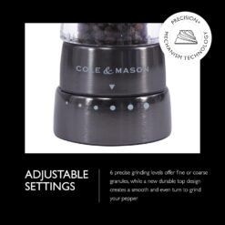 COLE & MASON Derwent Pepper Grinder – Gunmetal Mill Includes Gourmet Precision Mechanism and Premium Peppercorns
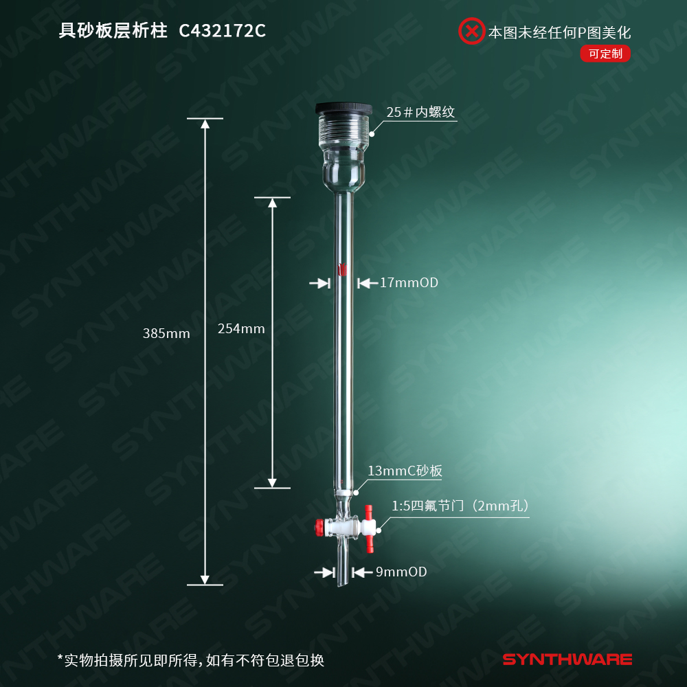 具砂板层析柱,25#内螺纹,φ17mm,2mm节门孔径,有效长:254mm C432172C
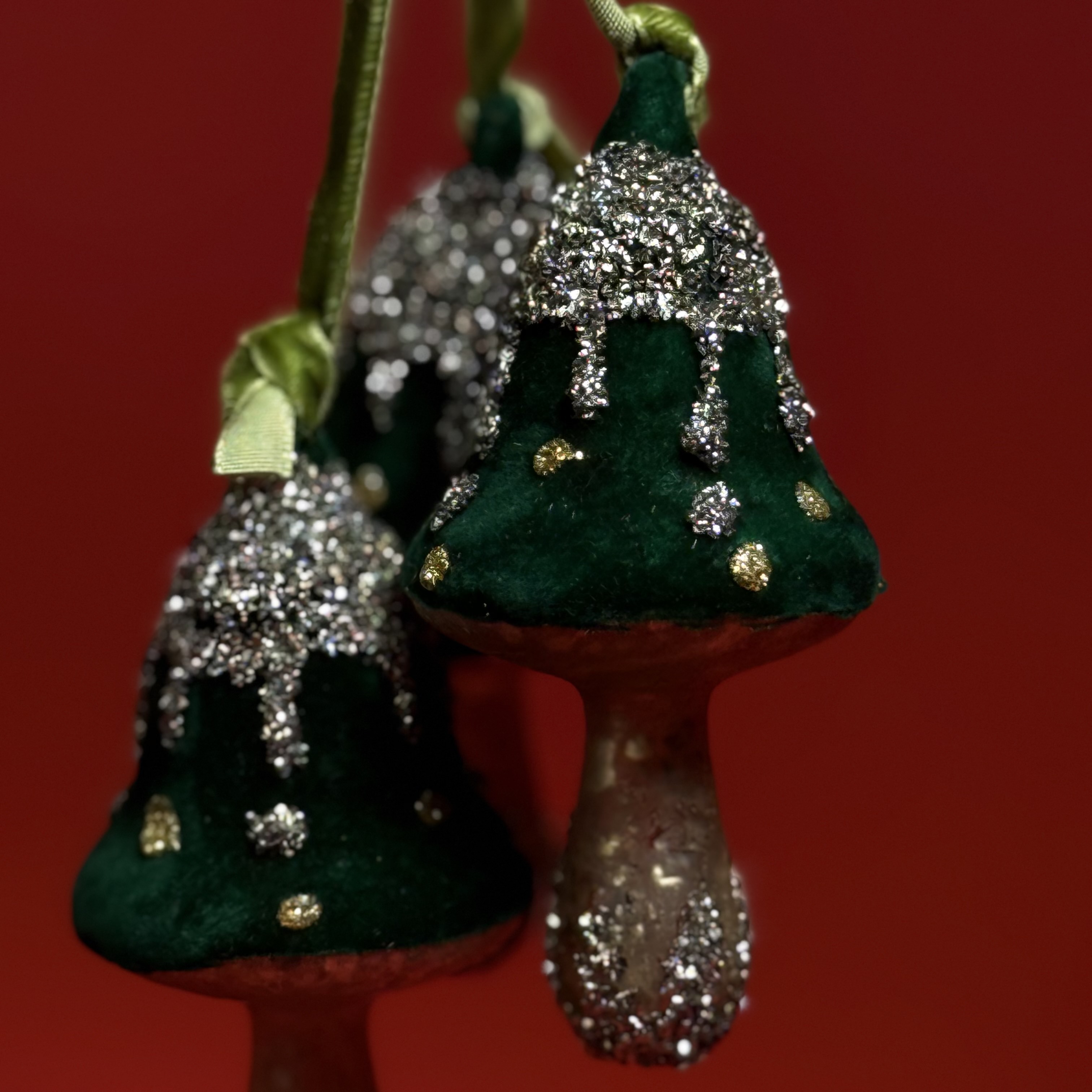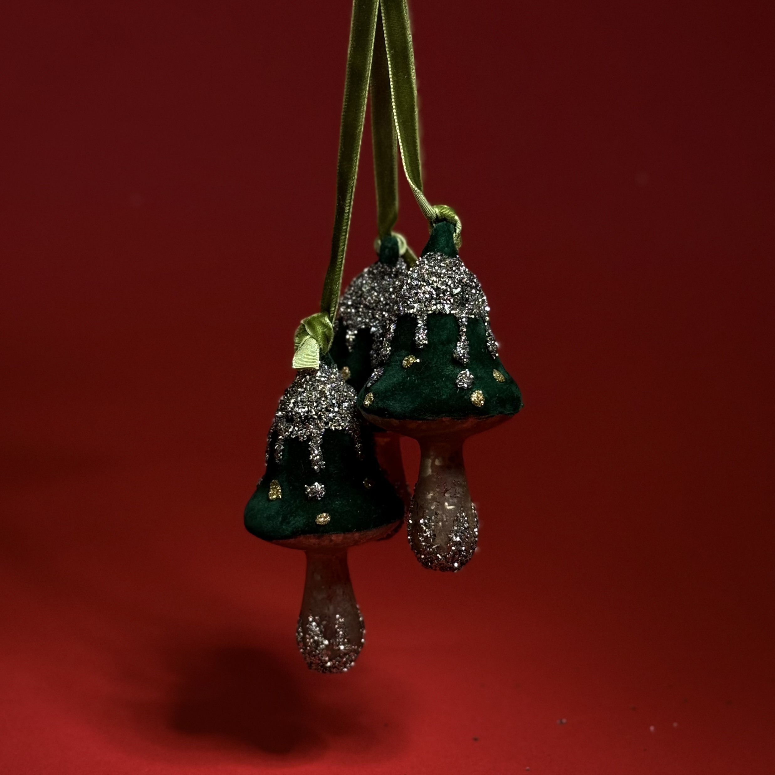 Набор украшений подвесных Гриб 3шт. (стекло), Н7,5х4,5см, зеленый
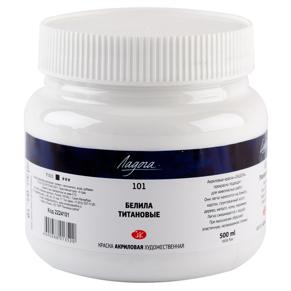 Краска акриловая художественная Ладога, 500мл, банка, белила титановые
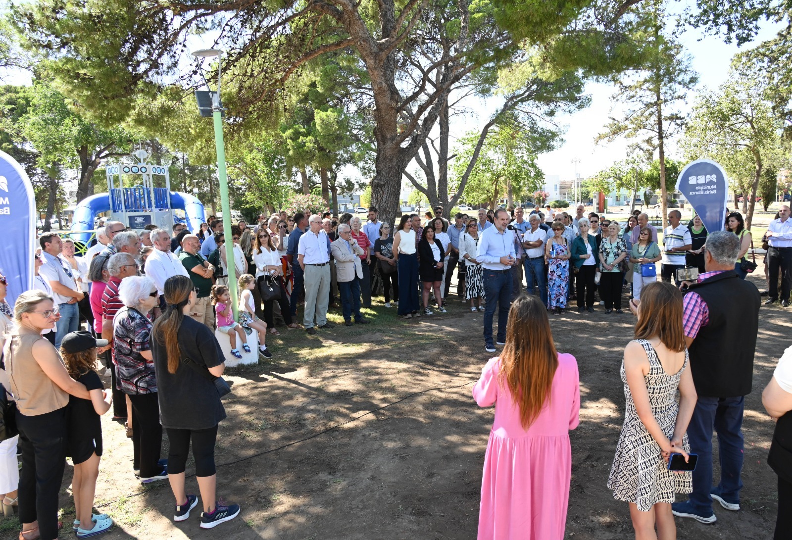 El intendente Federico Susbielles, junto a funcionarios, representantes de instituciones, empresas y vecinos y vecinas, presentó la puesta en valor de la plaza Brown.

◆ ◆ ◆

**What to do**
Leave out the pictures, then repeat the listing above exactly from its first line to the line with "Набор украшений подвесных", inclusive.

**Written answer**
 COLE & MASON Derwent Pepper Grinder – Gunmetal Mill Includes Gourmet Precision Mechanism and Premium Peppercorns
 具砂板层析柱,25#内螺纹,φ17mm,2mm节门孔径,有效长:254mm C432172C
 Набор украшений подвесных Гриб 3шт. (стекло), Н7,5х4,5см, зеленый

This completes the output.